Running the program under starting conditions with no command-line arguments results in the exception being divided by zero because a is 0. If you supply a command-line argument, it will survive, setting a to be greater than zero. But it causes an ArrayIndexOutOf BoundsException because the length of the integer array c is 1, and the program tries to assign c[42].

Here is the output of the program running in two different situations:


C:>java MultiCatch
a = 0
Divide by 0: java.lang.ArithmeticException: / by zero After try/catch blocks.
C:>java MultiCatch TestArg
a = 1
Array index oob: java.lang.ArrayIndexOutOfBoundsException After try/catch blocks.

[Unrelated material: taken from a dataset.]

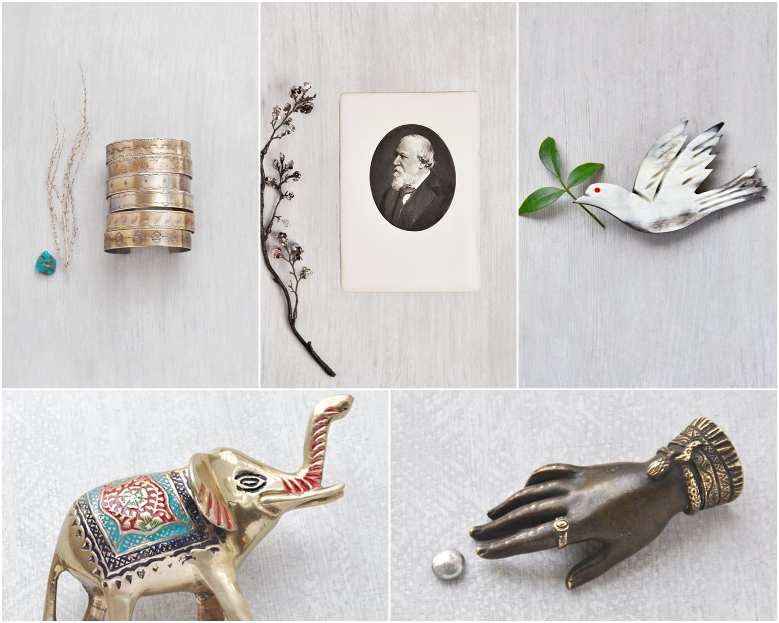 A fun sampling of items that you’ll find in the Curiosity Cabinet… from top left: Vintage Southwestern Brass Cuff, Portrait of Robert Browning, Vintage Carved Horn Bird Brooch, Antique Brass Hand Paperweight, Vintage Brass Elephant Figurine.

When you use multiple catch statements, it is important to remember that exception subclasses must be used before any of their superclasses. This is because the catch statement for the parent class catches exceptions for that type and all its subtypes. This way, if the subclass is behind the parent, the subclass will never arrive. Also, unreachable code in Java is an error. For example, consider the following program:



class SuperSubCatch {
  public static void main(String args[]) {
    try {
      int a = 0;
      int b = 42 / a;
    } catch(Exception e) {
      System.out.println("Generic Exception catch.");
    }
    
    catch(ArithmeticException e) { // ERROR - unreachable
      System.out.println("This is never reached.");
    }
  }
}

If you try to compile the program, you will receive an error message saying that the second catch statement will not arrive because the exception has been caught. Because arithmeexception is a subclass of Exception, the first catch statement handles all exception-oriented errors, including arithmeexception. This means that the second catch statement will never execute. To modify the program, reverse the order of the two catch statements.